The doomsayers would continue prophesying on the hopelessness of our society and turn on their spotlights towards the direction of things that are absent from our lives.

The narrative would be on how backward we are; how much we need to catch up with the rest of the “modern world” or rather focus on the impossibility of achieving all that considering the general state of affairs.  

Our history, it appears, is narrated or interpreted in a way that it sounds more like a tale of loss rather than of victories and achievements. Some of the examples would be the burning of the Puyas under the influence of an outsider; sanskritisation over ethnic paganism or adoption of other religions; the Seven Years Devastation under the Burmese rule; our defeat at the Khongjom war and the public hanging of Bir Tikendrajit and Thangal General. The merger agreement in which Manipur ended its sovereignty is also interpreted as a loss and of course, the public knows these events at the tips of their fingers with an underlying feeling of shame and humiliation.

These feelings can cause a general chronic inferiority complex among the people and could very well be a reason behind our chronic habit of self-loathing. Could there be a counter-narrative to these tales of losses and sob stories so that we can embrace a ‘strategic essentialism’ that would essentially restore pride to our race and ethnicity? In post-colonial literature studies, ‘strategic essentialism’ is defined by Gayatri Spivak as “the employment of essentialist ideas may be a necessary part of the process by which the colonised achieve a renewed sense of the value and dignity of their pre-colonial cultures.” 

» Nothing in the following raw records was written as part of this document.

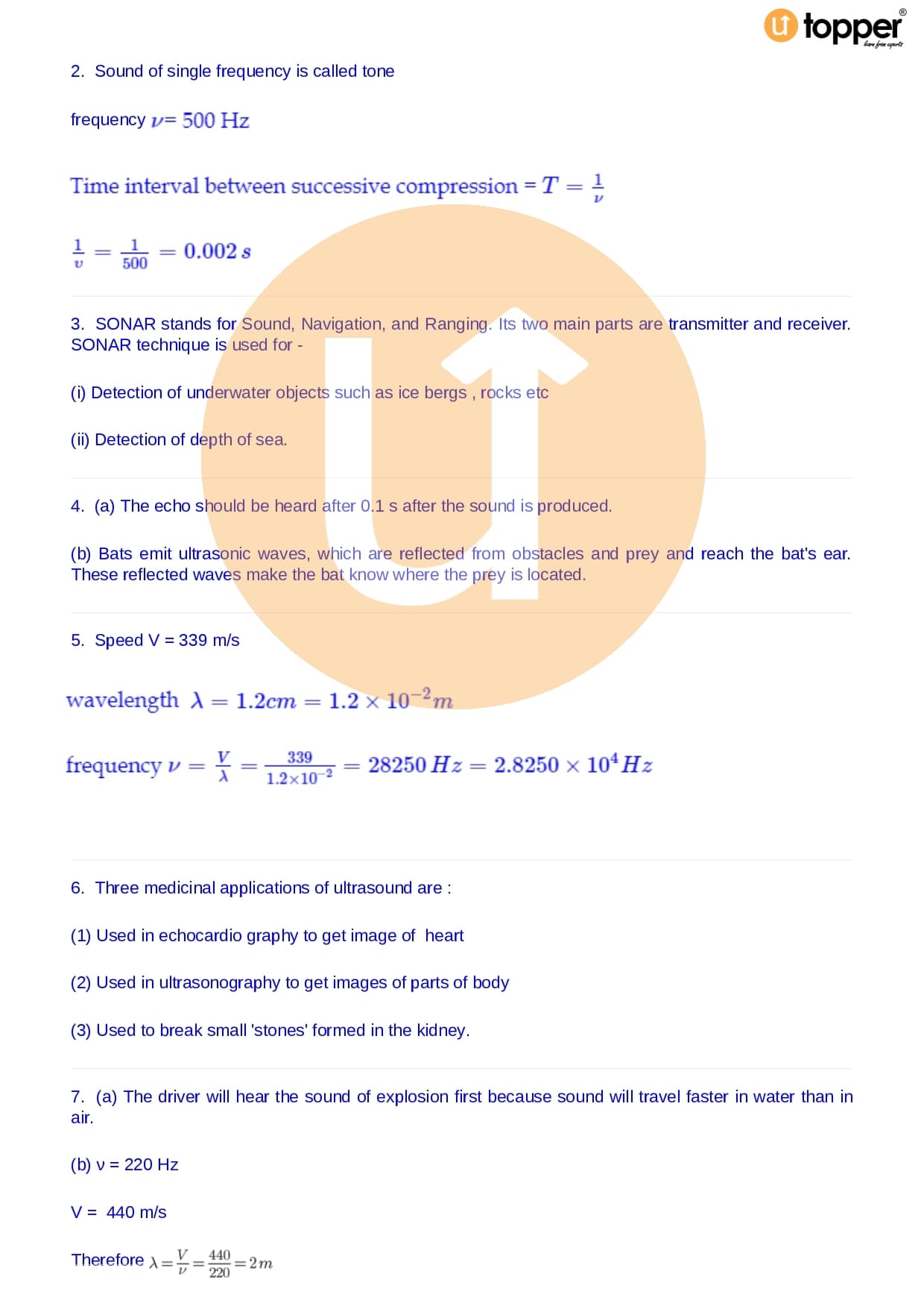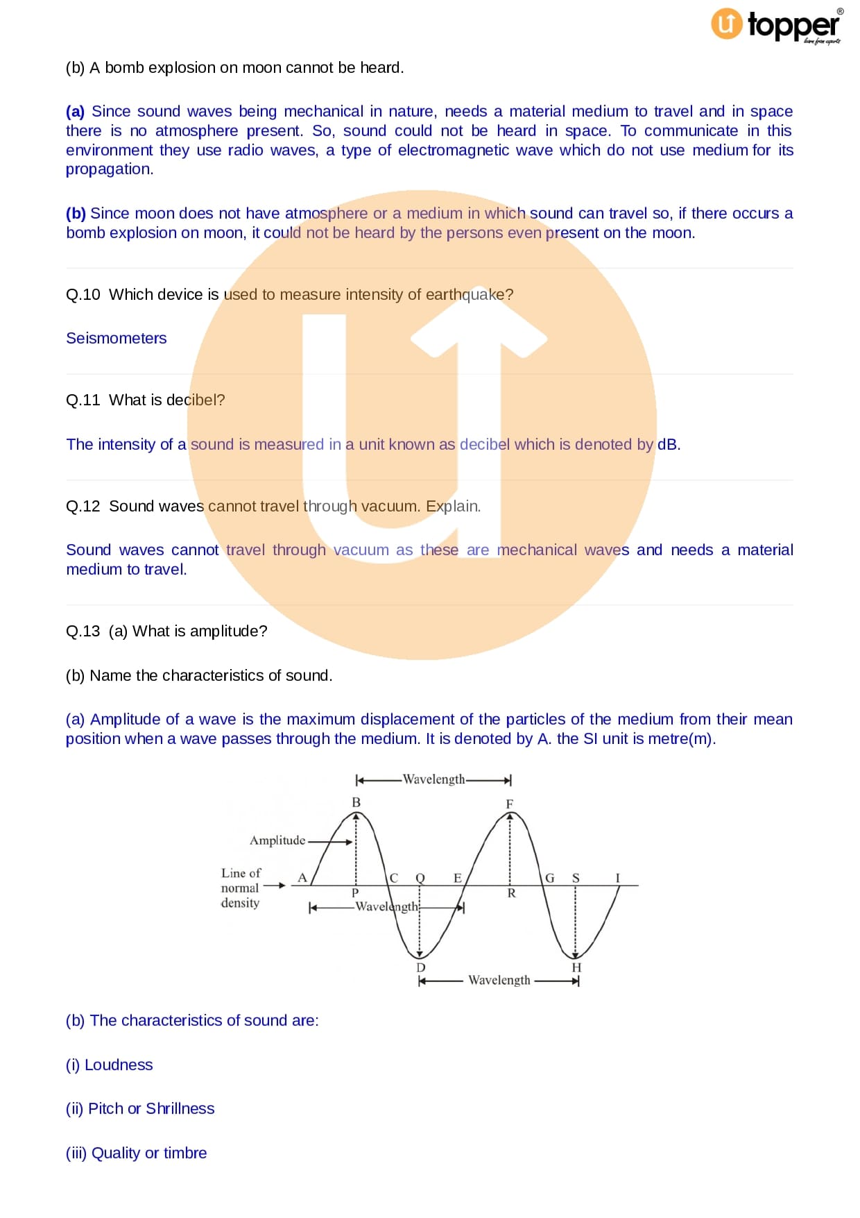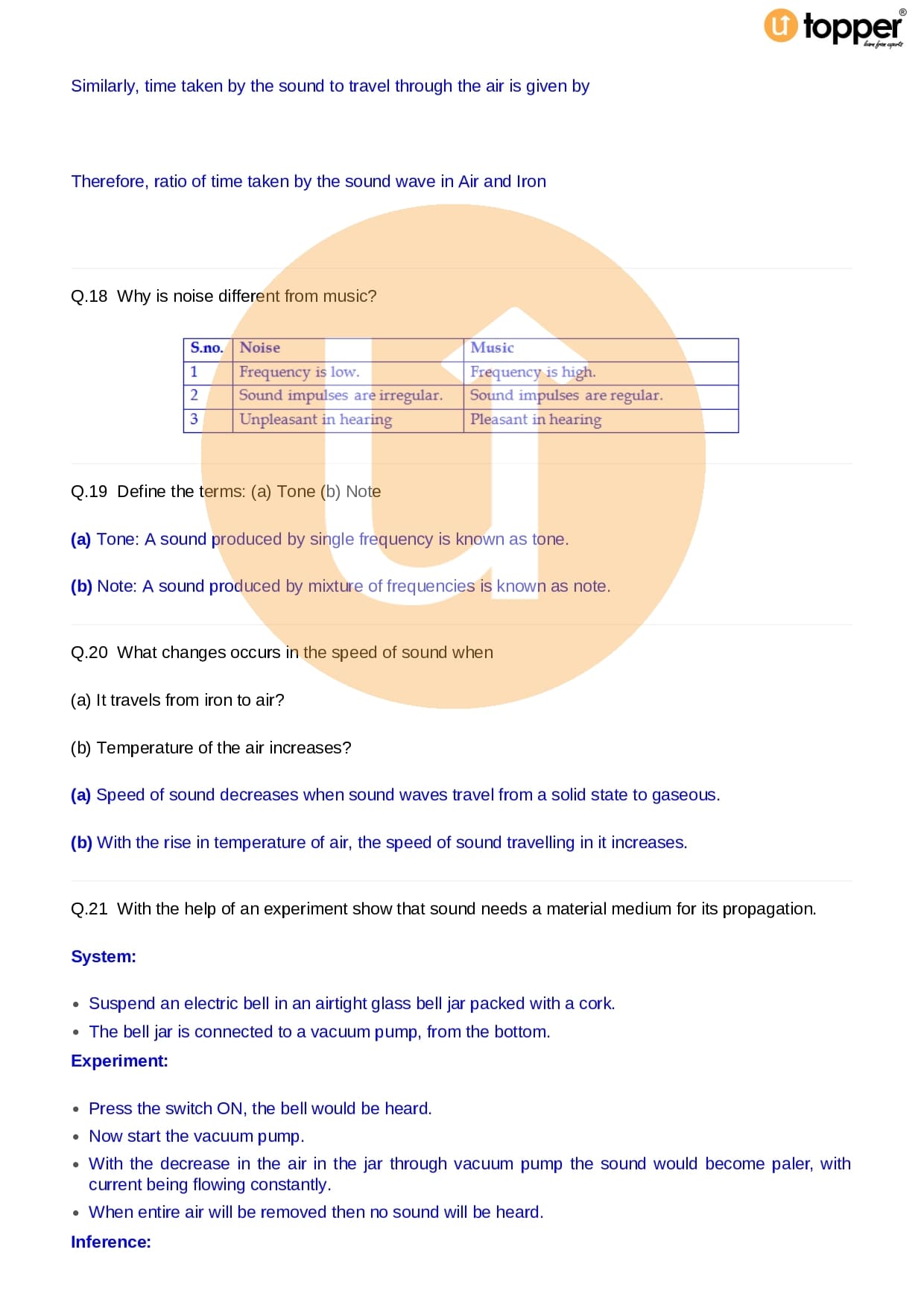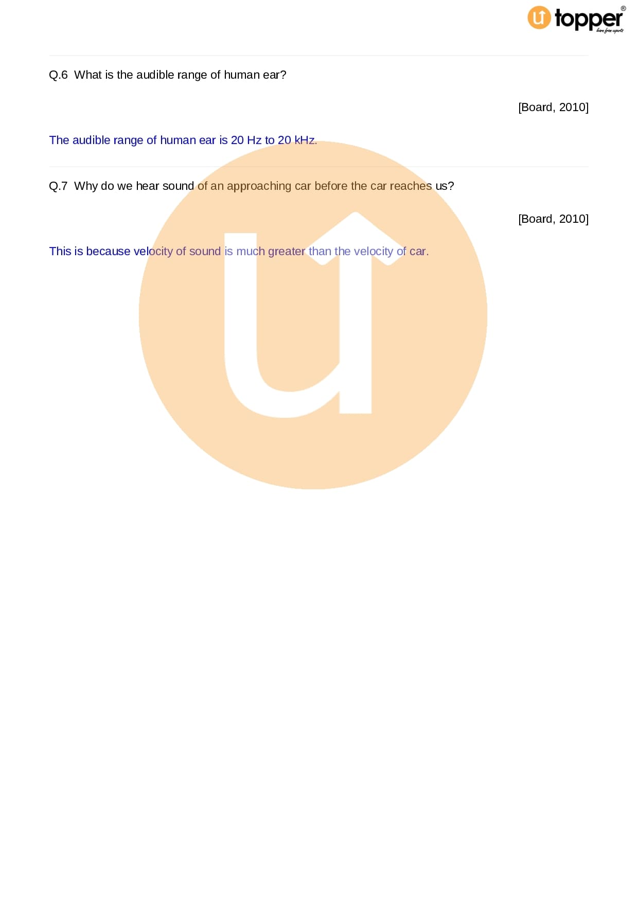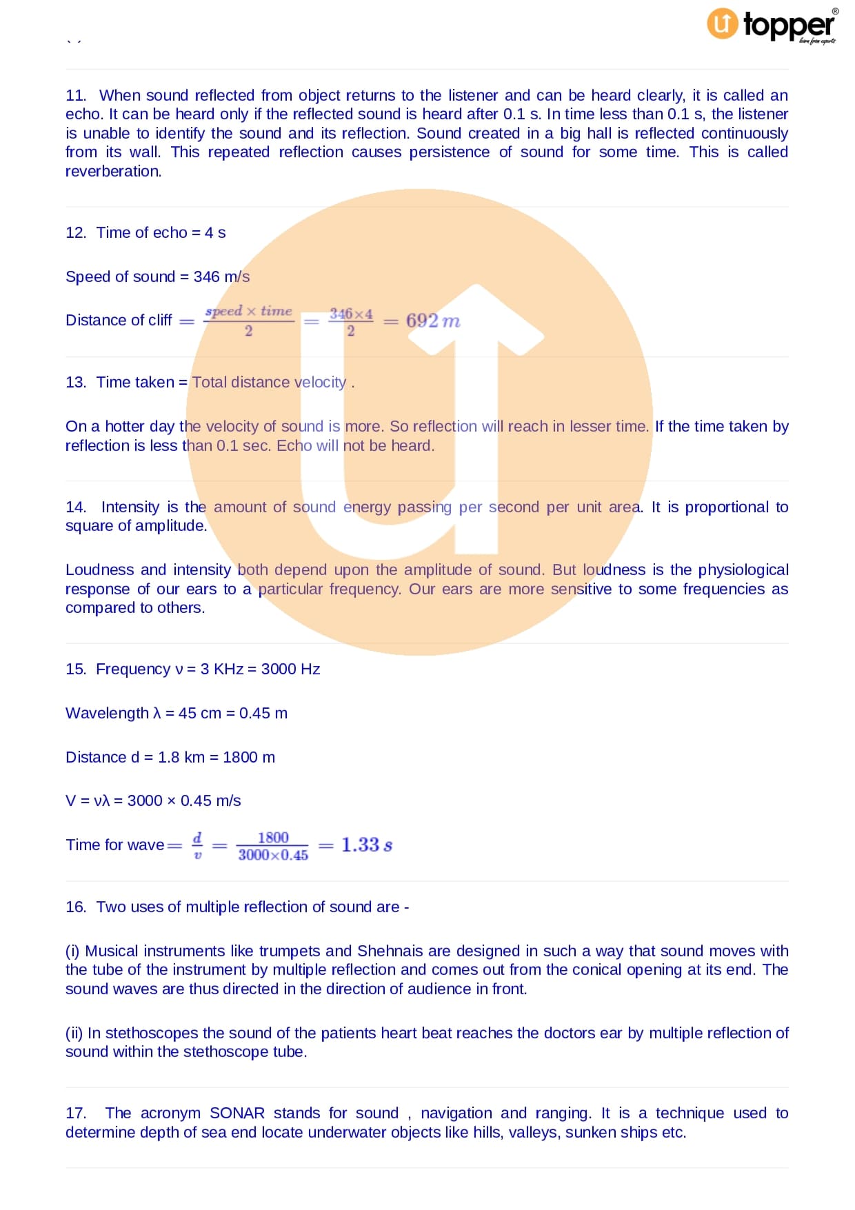 Class 9 Science Important Question CBSE Chapter 12 – Sound
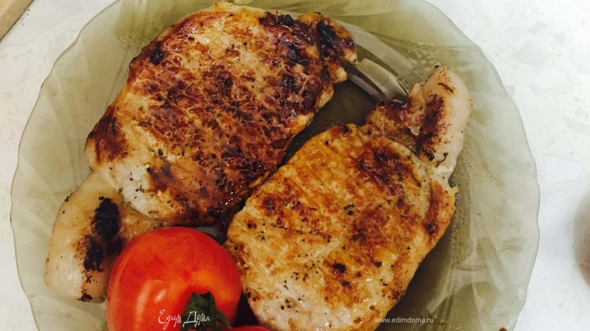 Расколить сковороду. Я использовала сковородку-гриль и без масла. Обжарить по 10 минут с каждой стороны, периодически переворачивая. Блюдо готово. Приятного аппетита:)
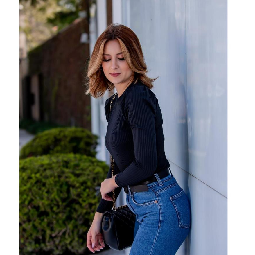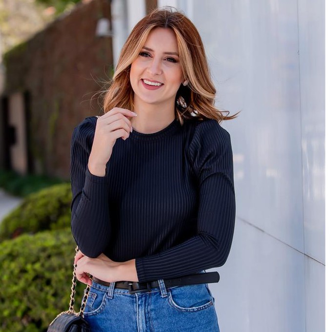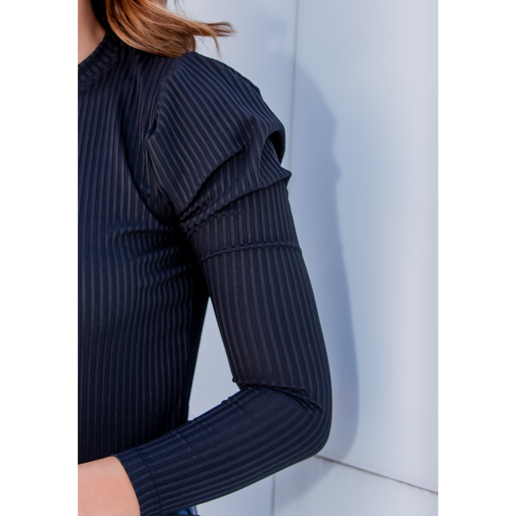 Blusa Canelada Manga Longa Princesa Preta - Blusa Princesa Manga Longa Canelada
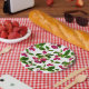 Placas de papel en una impresión dispersa de cerezas y hojas adaptadas a partir de huellas botánicas vintage - Fuchsia profunda cerezas rosa y borgoña y hojas verdes sobre fondo blanco
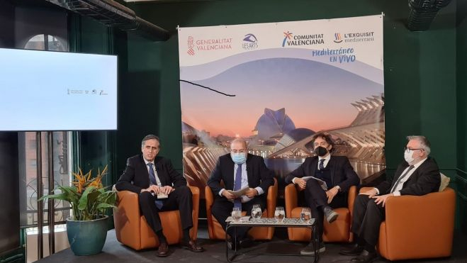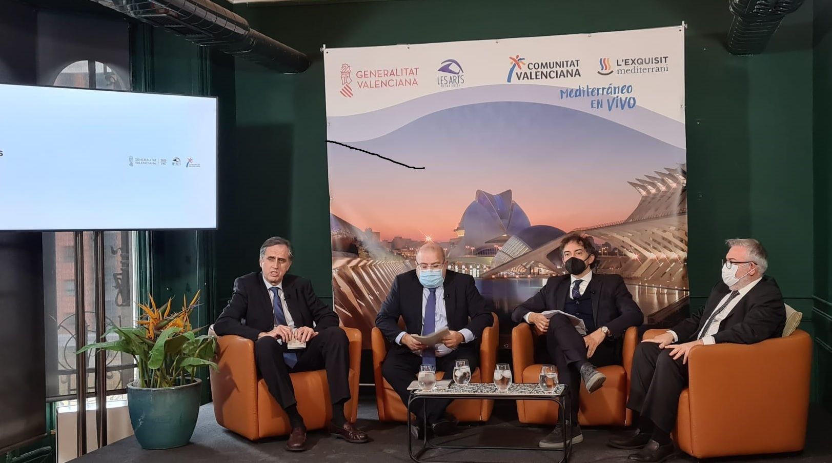 El secretari autonòmic de Turisme, Francesc Colomer, juntament amb el president del patronat dels Arts, Pablo Font de Mora, han presentat a Madrid la Comunitat Valenciana i la seua oferta cultural i gastronòmica, on a més el director artístic dels Arts, Jesús Iglesias Noriega, ha explicat totes les novetats del projecte artístic.
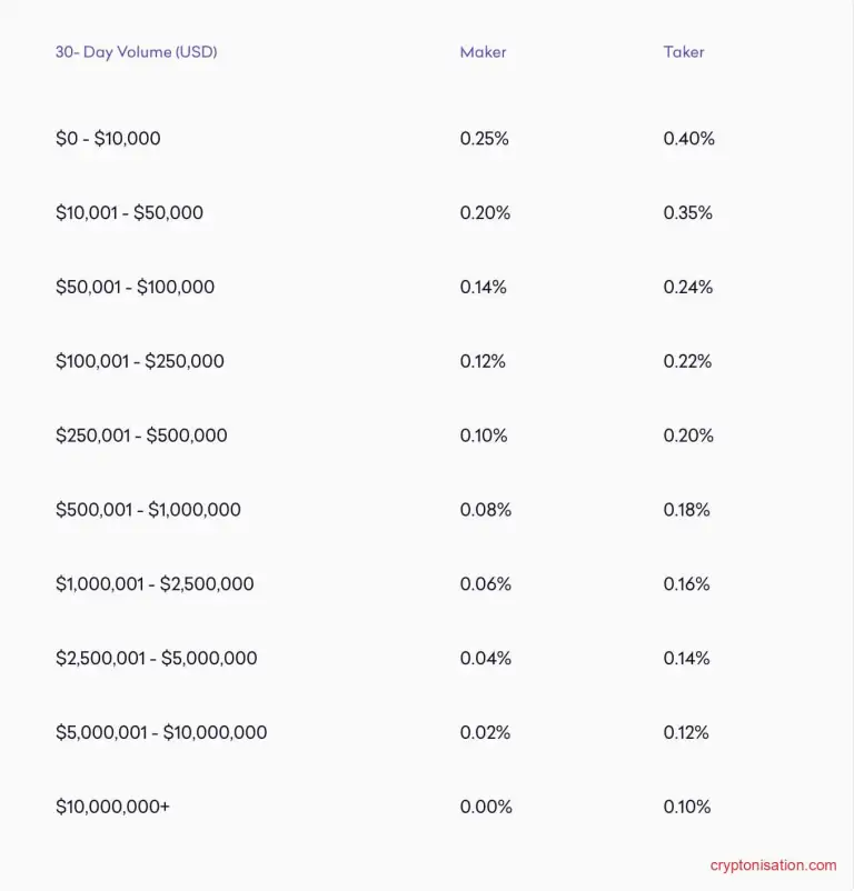 - Высокие комиссии для мейкеров и тейкеров на споте при небольших объемах. Базовая комиссия на спотовом рынке превышает 0.1%, что является выше средних показателей по рынку;

As the BJP Government celebrates Azadi Ka Amrit Mahotsav which is a sequence of events organised to celebrate the 75th Anniversary of India's Independence, there is also an underlying movement to popularise and strengthen the Hindutva ideology. History is being rewritten and even controversial historical figures such as Savarkar have been re-examined and studied.

The purpose is clear – India as a 75-year-old, developing nation wants to revisit the past and establish its dignity and pride albeit with a political agenda, and definitely utilising a form of ‘strategic essentialism’ in the process to achieve that.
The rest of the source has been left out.